TASK TO COMPLETE - With the pictures removed, the data below must be transcribed in full and exactly.

DATA -
:::

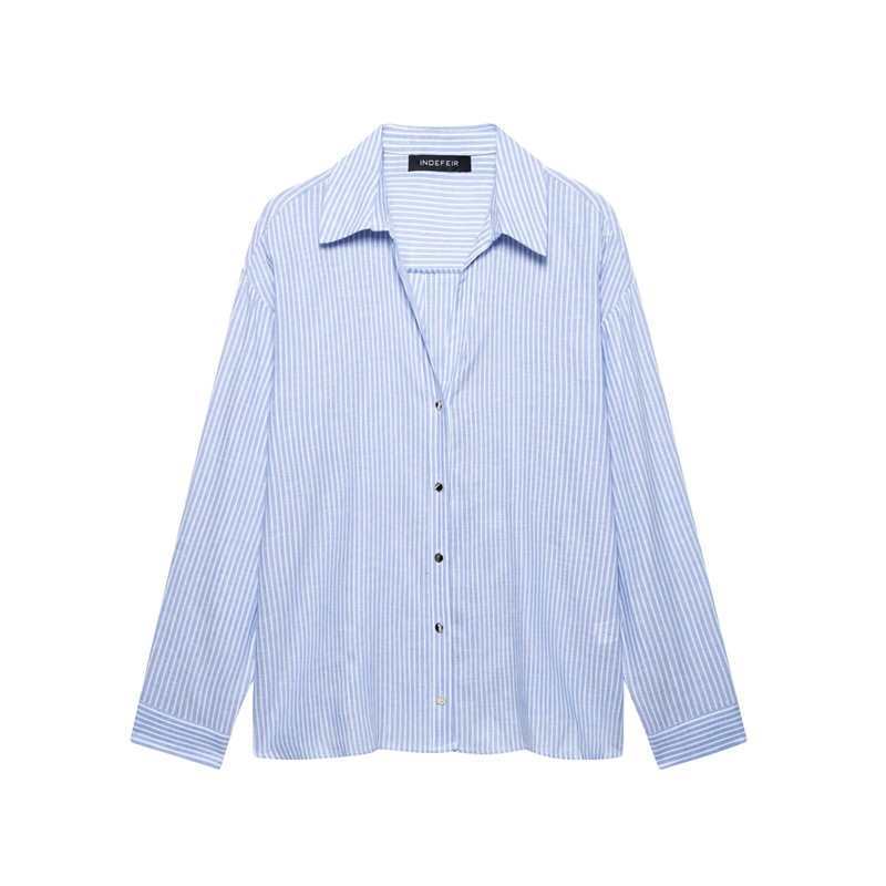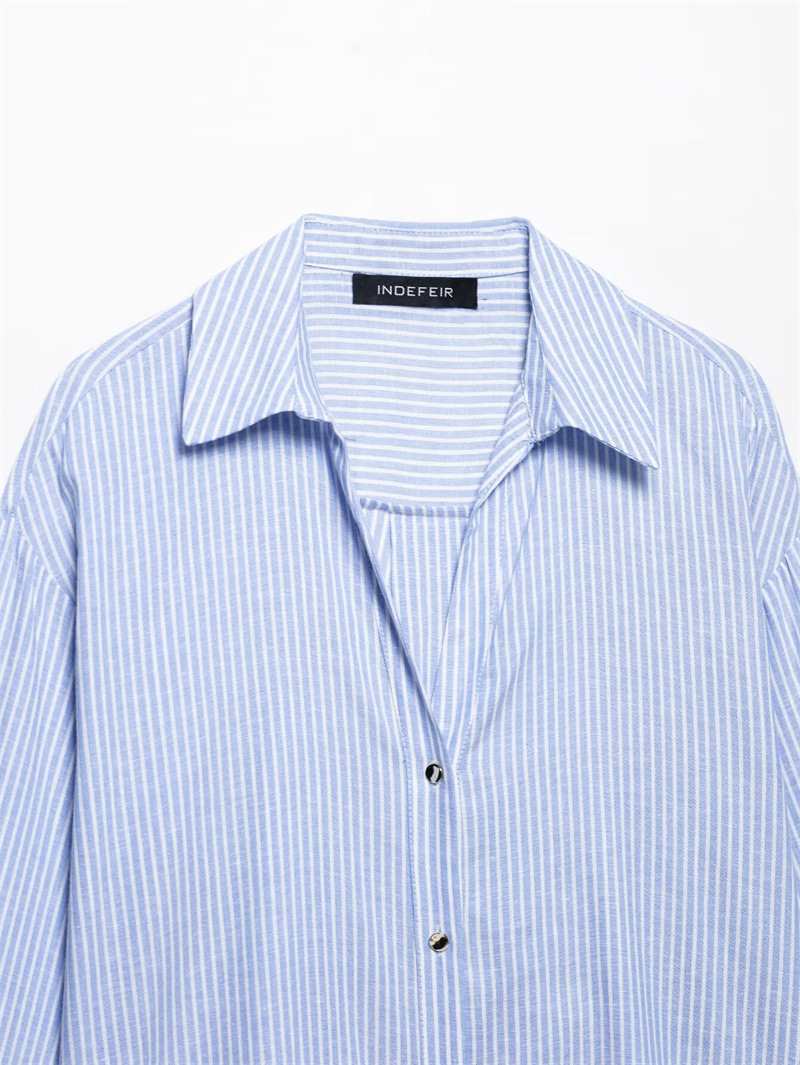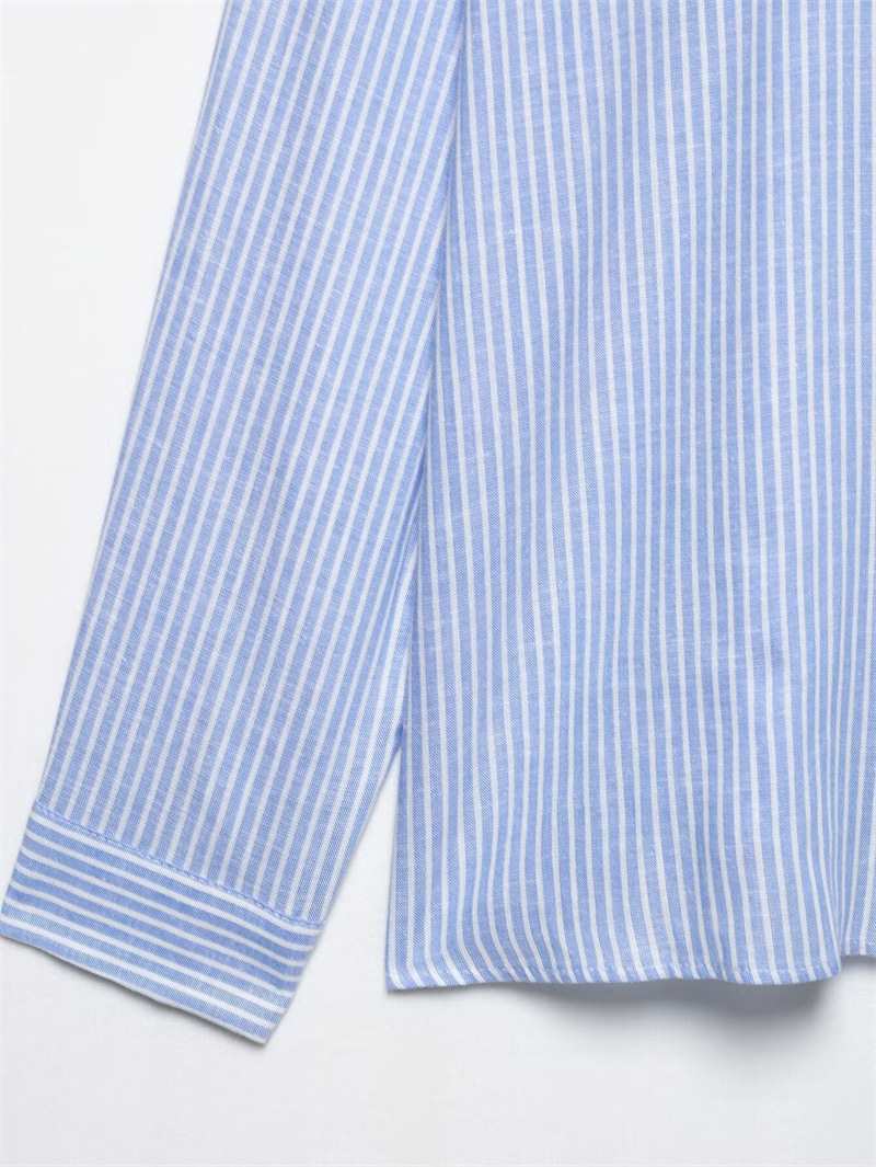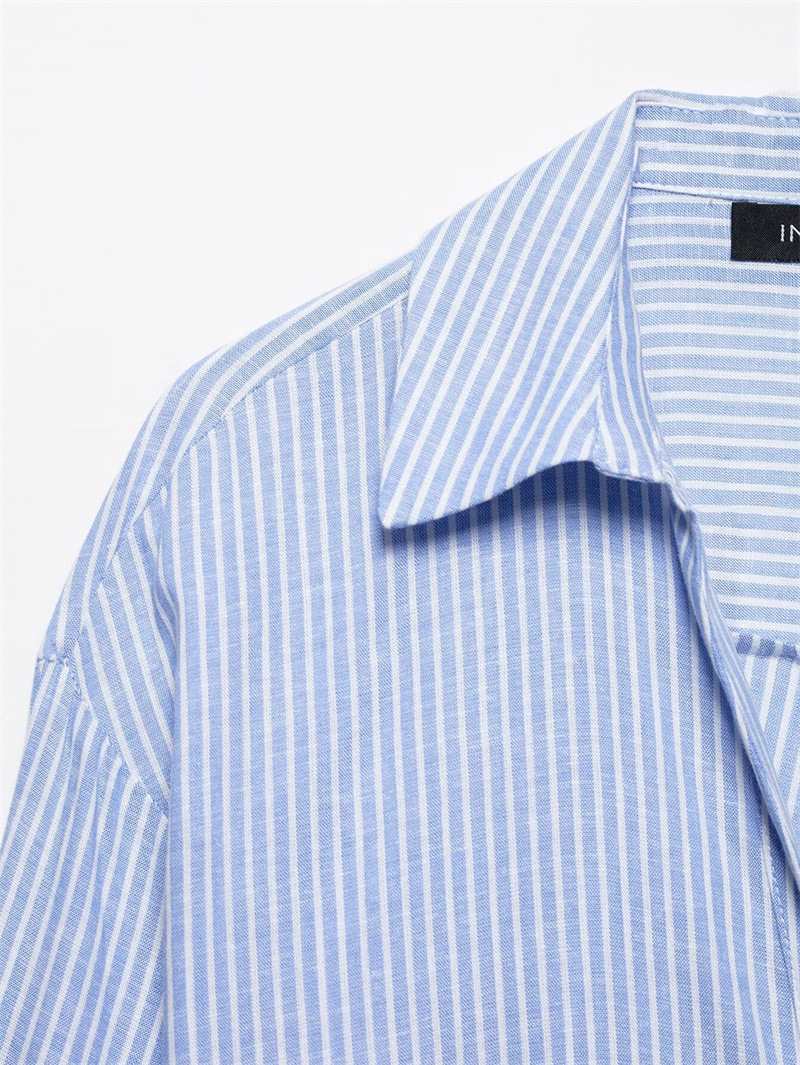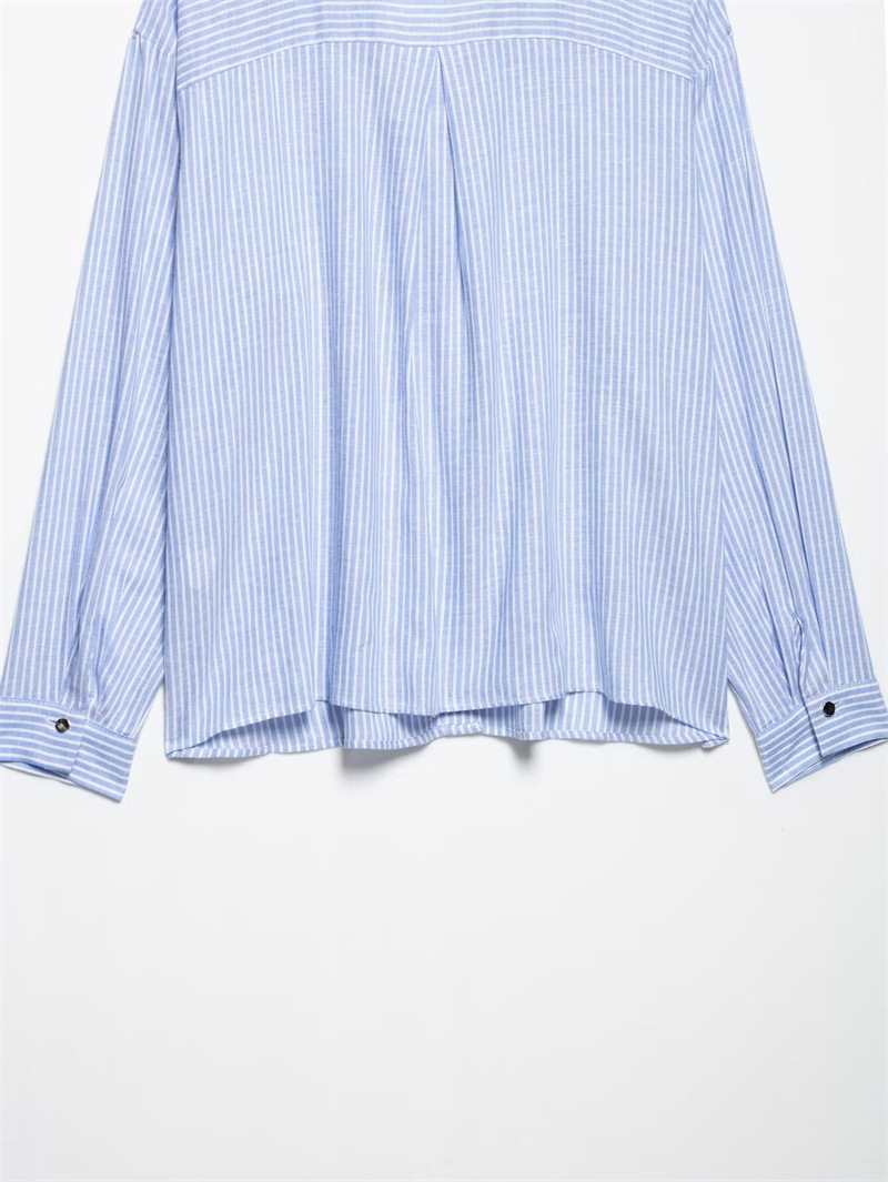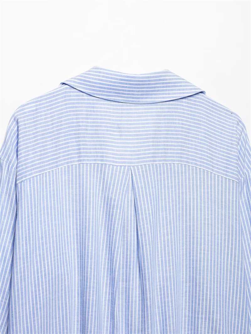 Tops Versátil Nuevo Diseño de Camisa Decoración de Bolsillo Primavera Estilo Largo Comercio Exterior Casual Holgado Moda Rayas
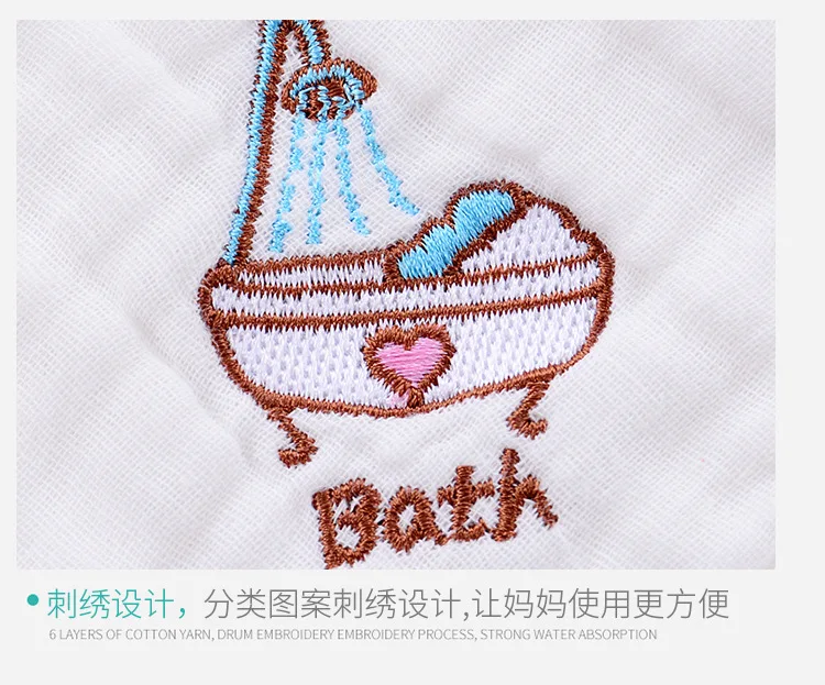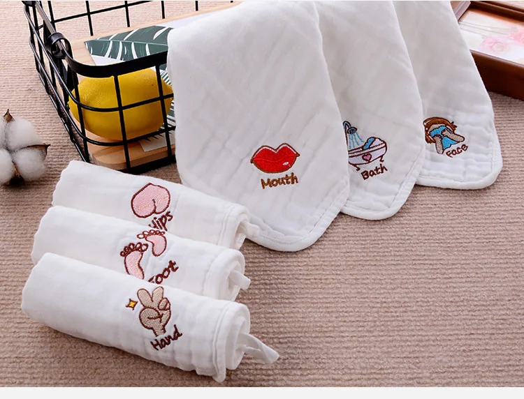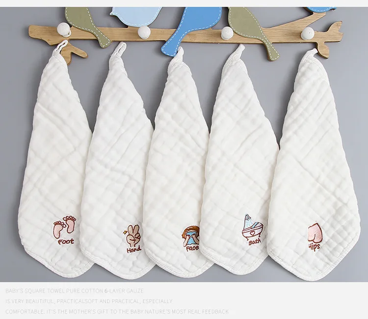 Детское газовое полотенце из пузырчатого хлопка с вышивкой, хлопковое слюнявчик, детское полотенце для мытья, маленький квадратный Детский платок 30*30 см Особенности: Возраст: размер на 0-24months Цвета (дизайн): ступни, ванны, рук, лица, бедер, рта Размер: 30 см x 30 см (после растяжения) Материал: 100% хлопок Если вы хотите выбрать цвет, пожалуйста, оставьте нам сообщение об этом.
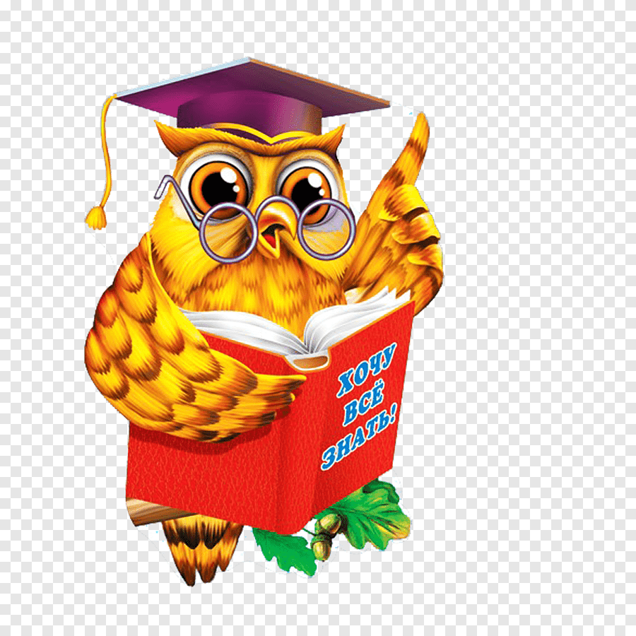 Сова с книжкой на прозрачном фоне
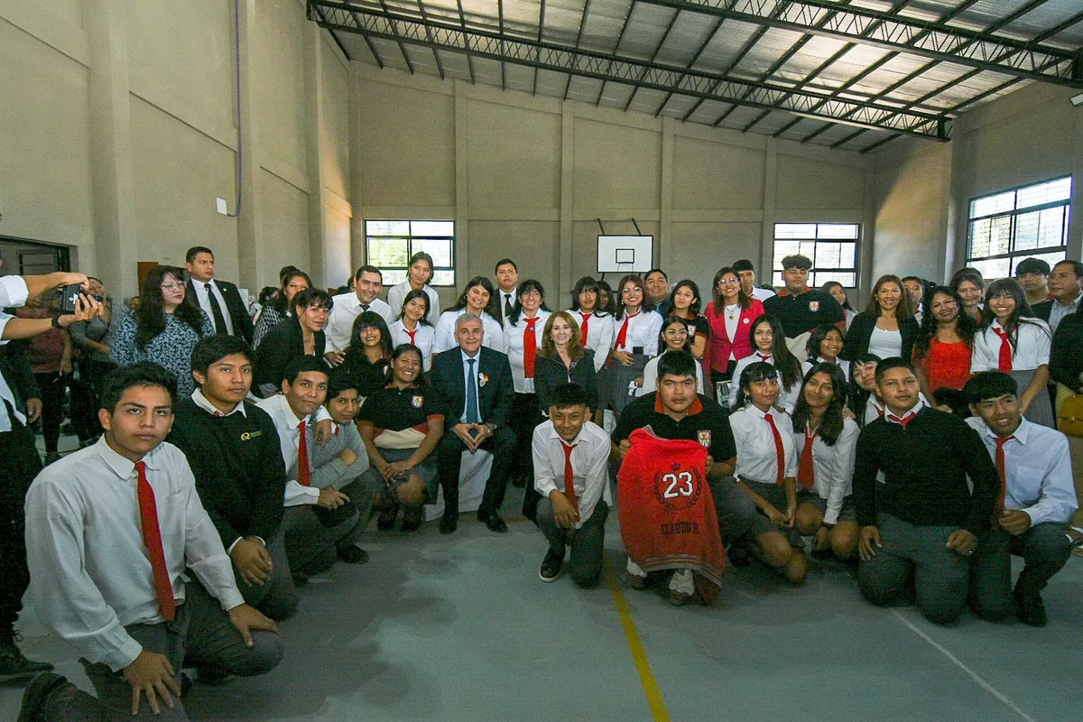El gobernador Gerardo Morales junto al ministro de Hacienda y Finanzas, Carlos Sadir y su par de Educación, María Teresa Bovi, encabezaron el acto de inicio del ciclo lectivo 2023 para Nivel Secundario en Jujuy, oportunidad en la que inauguraron el nuevo edificio del Colegio Secundario N° 41 en Santo Domingo, Perico, construida en marco del Programa de Mejora del Acceso y la Calidad Educativa (PROMACE), financiado con la renta de la planta de energía Cauchari.

:::

WRITTEN RESPONSE -
 Tops Versátil Nuevo Diseño de Camisa Decoración de Bolsillo Primavera Estilo Largo Comercio Exterior Casual Holgado Moda Rayas
 Детское газовое полотенце из пузырчатого хлопка с вышивкой, хлопковое слюнявчик, детское полотенце для мытья, маленький квадратный Детский платок 30*30 см Особенности: Возраст: размер на 0-24months Цвета (дизайн): ступни, ванны, рук, лица, бедер, рта Размер: 30 см x 30 см (после растяжения) Материал: 100% хлопок Если вы хотите выбрать цвет, пожалуйста, оставьте нам сообщение об этом.
 Сова с книжкой на прозрачном фоне
El gobernador Gerardo Morales junto al ministro de Hacienda y Finanzas, Carlos Sadir y su par de Educación, María Teresa Bovi, encabezaron el acto de inicio del ciclo lectivo 2023 para Nivel Secundario en Jujuy, oportunidad en la que inauguraron el nuevo edificio del Colegio Secundario N° 41 en Santo Domingo, Perico, construida en marco del Programa de Mejora del Acceso y la Calidad Educativa (PROMACE), financiado con la renta de la planta de energía Cauchari.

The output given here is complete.